(Input material):
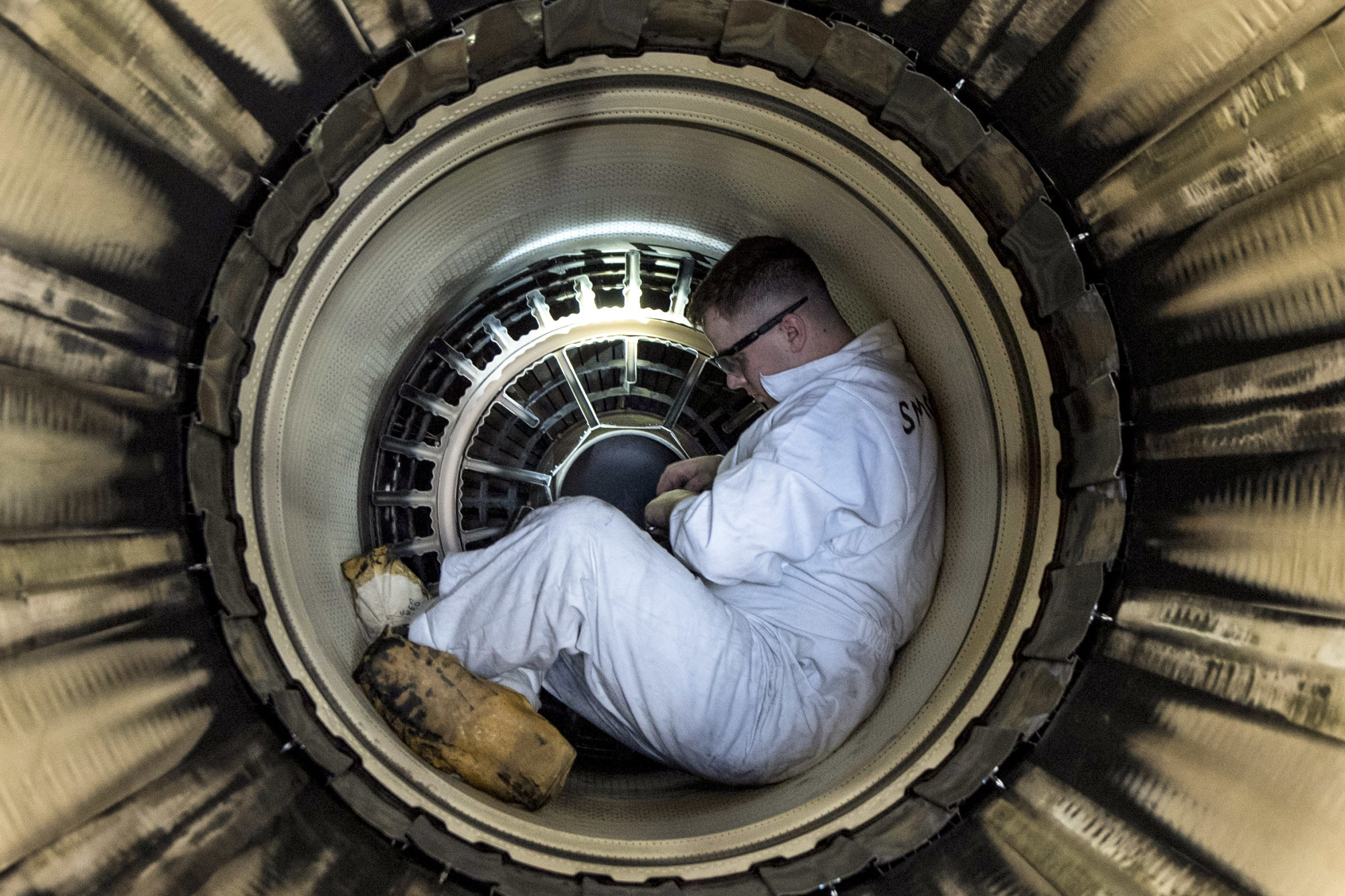 An Airman inspect the flame holder and spray rings for cracks during an augmented inspection on an F-15E Strike Eagle at Seymour Johnson AFB.
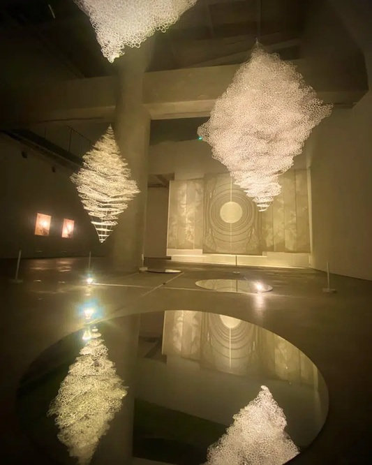 白い紙を複雑に切り抜いて天井から吊るした彫刻 / Ayumi Shibata
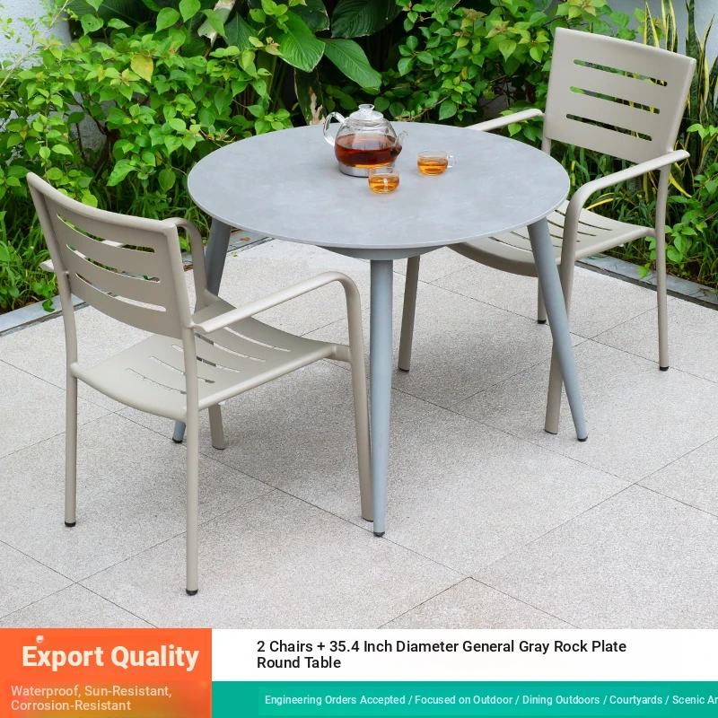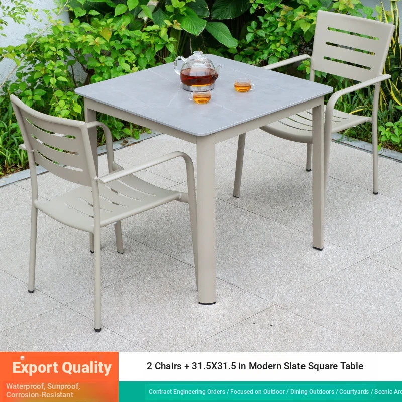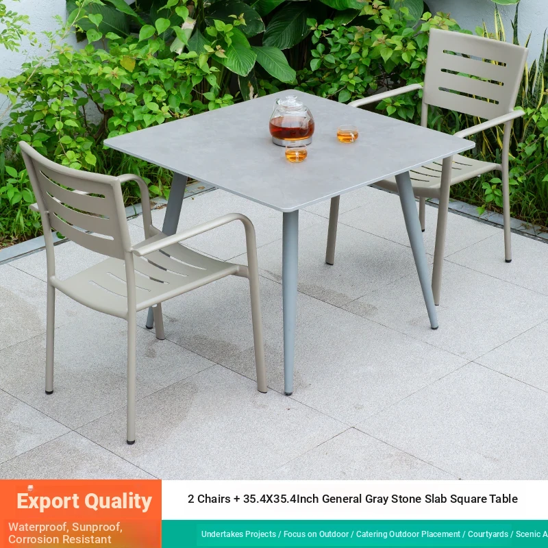 2+1: aluminum alloy flat tube chair + [35.43in*35.43in General gray rock plate square table]](2+1: aluminum alloy flat tube chair + [35.43in*35.43in General gray rock plate square table]])
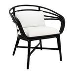 Stylish enough to be a statement piece in your living room and a cozy conversation nook, this versatile occasional chair is handcrafted from sustainable rattan with a bold, rounded silhouette. The inviting extra-wide seat design is enhanced by a comfortable, fixed canvas cushion and additional back pillow. The matte black finish and midcentury-inspired lines give the sculptural, curved back design of this accent chair an elegant, modern feel, while the natural rattan texture adds a relaxed coastal vibe to your space.
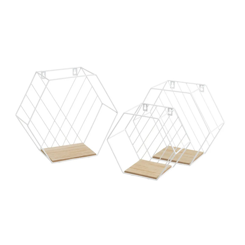 Σετ Επιτοίχια Μεταλλικά/Ξύλινα Εξαγωνικά Ράφια 31 x 13 x 28 cm Χρώματος Λευκό 3 τμχ Shally Dogan 02839908
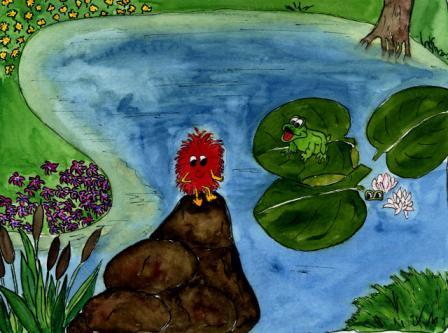 Quaddl lief in Richtung Licht und freute sich, als er endlich wieder richtig sehen konnte. Da entdeckte Quaddl einen hohen Stein. Er kletterte hoch und sah sich um. Jetzt wusste er dass er den richtigen Teich gefunden hatte, denn der ganze Teich war mit Seerosen bedeckt.
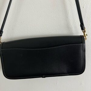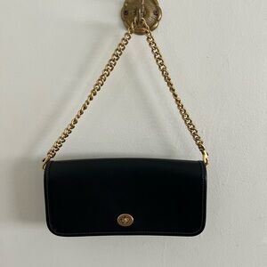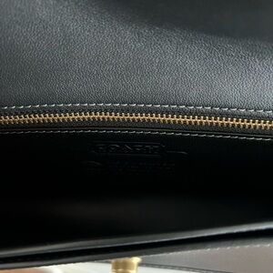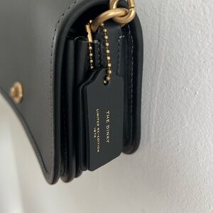 Coach ‘The Dinky’ Re-edition from 1974. Bags in NWOT condition. Has one outside slip pocket, interior slip pocket, and interior zip pocket. Comes with original hang tags, leather shoulder strap, and brass chain strap.
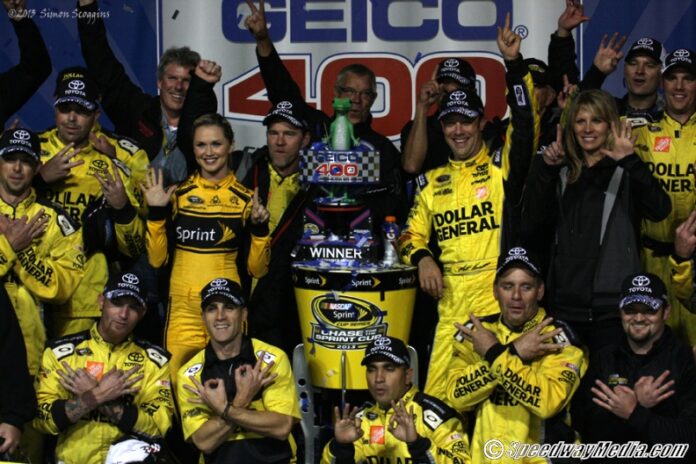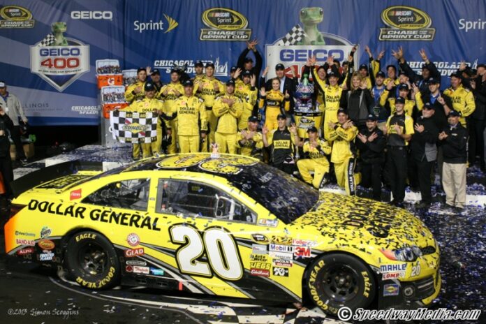 JGR racer Matt Kenseth scored his first ever win at Chicagoland and his career best sixth win for the season while Kyle Busch missed the weekend sweep by just one position, bringing his JGR Toyota home in the second spot.
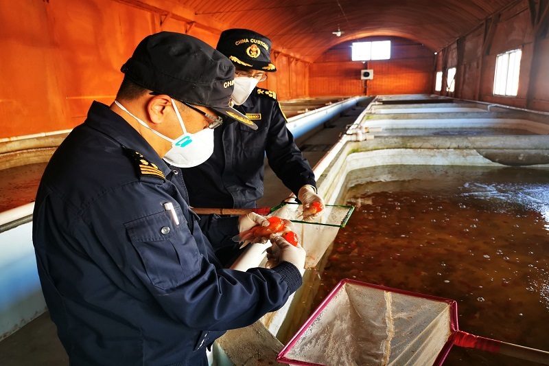 图为:关员在出口韩国活鱼企业进行现场监管 天津海关/摄
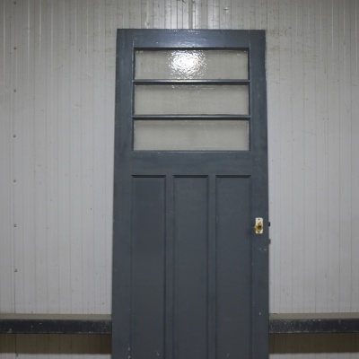 Oude Bruynzeel zesvlaks paneeldeur met 3 ruitjes
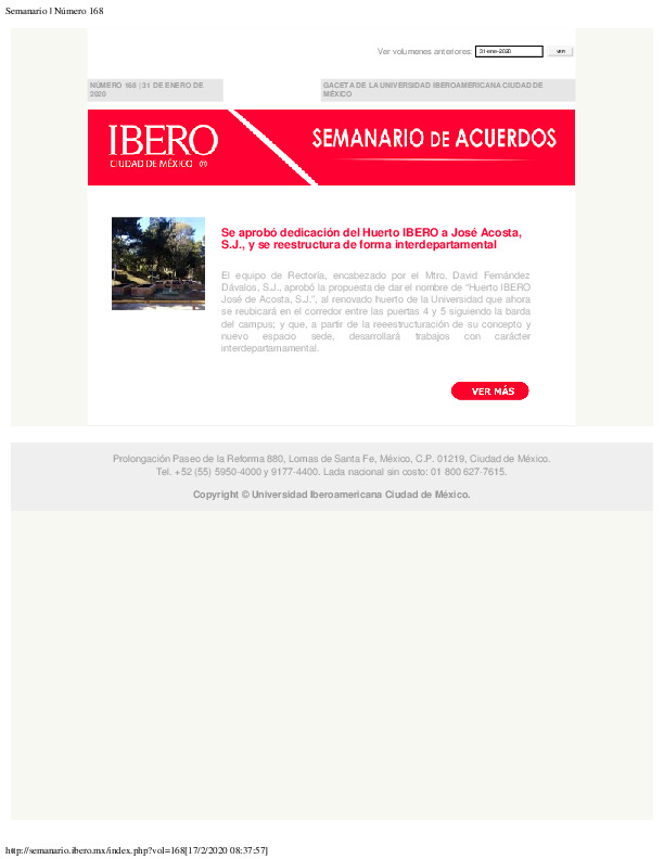 | https://ibero.mx/semanario/017/index.html | Semanario de Acuerdos Número 17 Semanario de Acuerdos (Universidad Iberoamericana Ciudad de México) Gaceta de la Universidad Iberoamericana Ciudad de México |
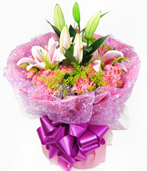 Feeling of Happiness19 pink carnations, 2 pink lilies with purple net inside and pink crepe paper outside. |
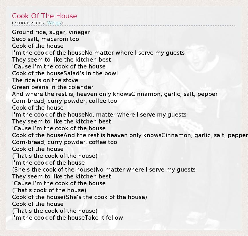 А как ты думаешь, о чем песня "Cook Of The House" ?
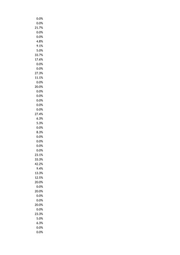 0.0% 0.0% 0.0% 0.0% 14.3% 14.5% 0.0% 0.0% 15.4% 0.0% 7.7% 22.0% 2.8% 13.3% 2.9% 0.0% 0.0% 26.8% 0.0% 0.0% 0.0% 0.0% 5.3% 26.4% 3.7% 0.0% 12.5% 16.7% 0.0% 36.4% 6.3% 21.1% 18.2% 23.1% 28.6% 20.0% 15.4% 6.7% 0.0% 0.0% 15.1% 2.0% 2.5% 0.0% 15.4% 0.0% 27.2% 0.0%

(Your objective):
Copy only the lines running from the one that holds "А как ты думаешь, о" through the last line of the data, and include both of those lines. Do not copy any pictures.

(Expected output):
 А как ты думаешь, о чем песня "Cook Of The House" ?
 0.0% 0.0% 0.0% 0.0% 14.3% 14.5% 0.0% 0.0% 15.4% 0.0% 7.7% 22.0% 2.8% 13.3% 2.9% 0.0% 0.0% 26.8% 0.0% 0.0% 0.0% 0.0% 5.3% 26.4% 3.7% 0.0% 12.5% 16.7% 0.0% 36.4% 6.3% 21.1% 18.2% 23.1% 28.6% 20.0% 15.4% 6.7% 0.0% 0.0% 15.1% 2.0% 2.5% 0.0% 15.4% 0.0% 27.2% 0.0%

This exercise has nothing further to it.